◆ What you will do:
In the listing below, the lines starting with the line with "3:機械安全部分工作臺經(j" and going on through the line with "Vintage Yellow Halter" are to be reproduced exactly, and only those.

◆ Task input:
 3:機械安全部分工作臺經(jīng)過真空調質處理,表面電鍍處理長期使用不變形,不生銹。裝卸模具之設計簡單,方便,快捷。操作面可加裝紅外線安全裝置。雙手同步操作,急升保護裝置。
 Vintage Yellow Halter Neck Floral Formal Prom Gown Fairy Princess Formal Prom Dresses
* * *
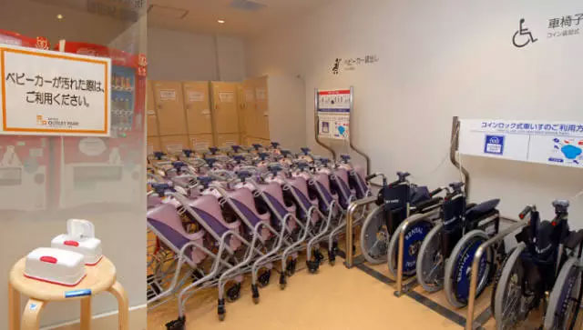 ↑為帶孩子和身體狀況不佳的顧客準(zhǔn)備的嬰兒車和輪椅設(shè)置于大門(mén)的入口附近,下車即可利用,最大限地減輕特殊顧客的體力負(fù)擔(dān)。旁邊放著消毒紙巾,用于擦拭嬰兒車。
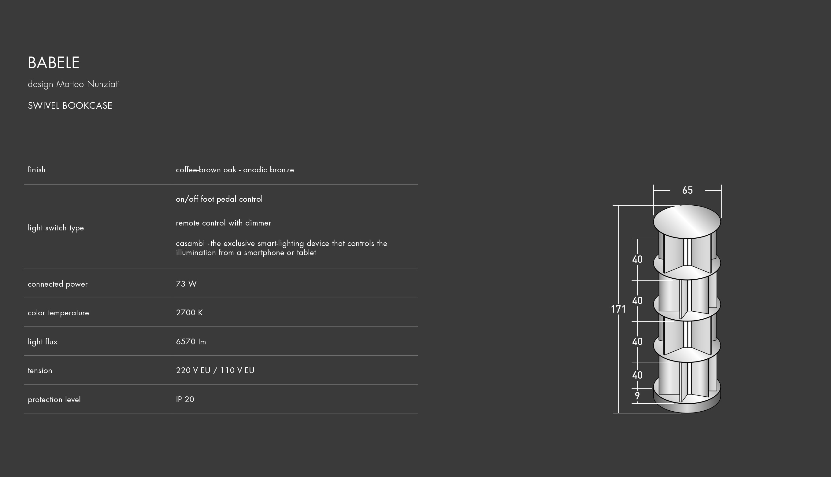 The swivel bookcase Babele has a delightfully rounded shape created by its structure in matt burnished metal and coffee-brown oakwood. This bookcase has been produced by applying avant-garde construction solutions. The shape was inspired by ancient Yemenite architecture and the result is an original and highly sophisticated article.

◆ Solution below:
 3:機械安全部分工作臺經(jīng)過真空調質處理,表面電鍍處理長期使用不變形,不生銹。裝卸模具之設計簡單,方便,快捷。操作面可加裝紅外線安全裝置。雙手同步操作,急升保護裝置。
 Vintage Yellow Halter Neck Floral Formal Prom Gown Fairy Princess Formal Prom Dresses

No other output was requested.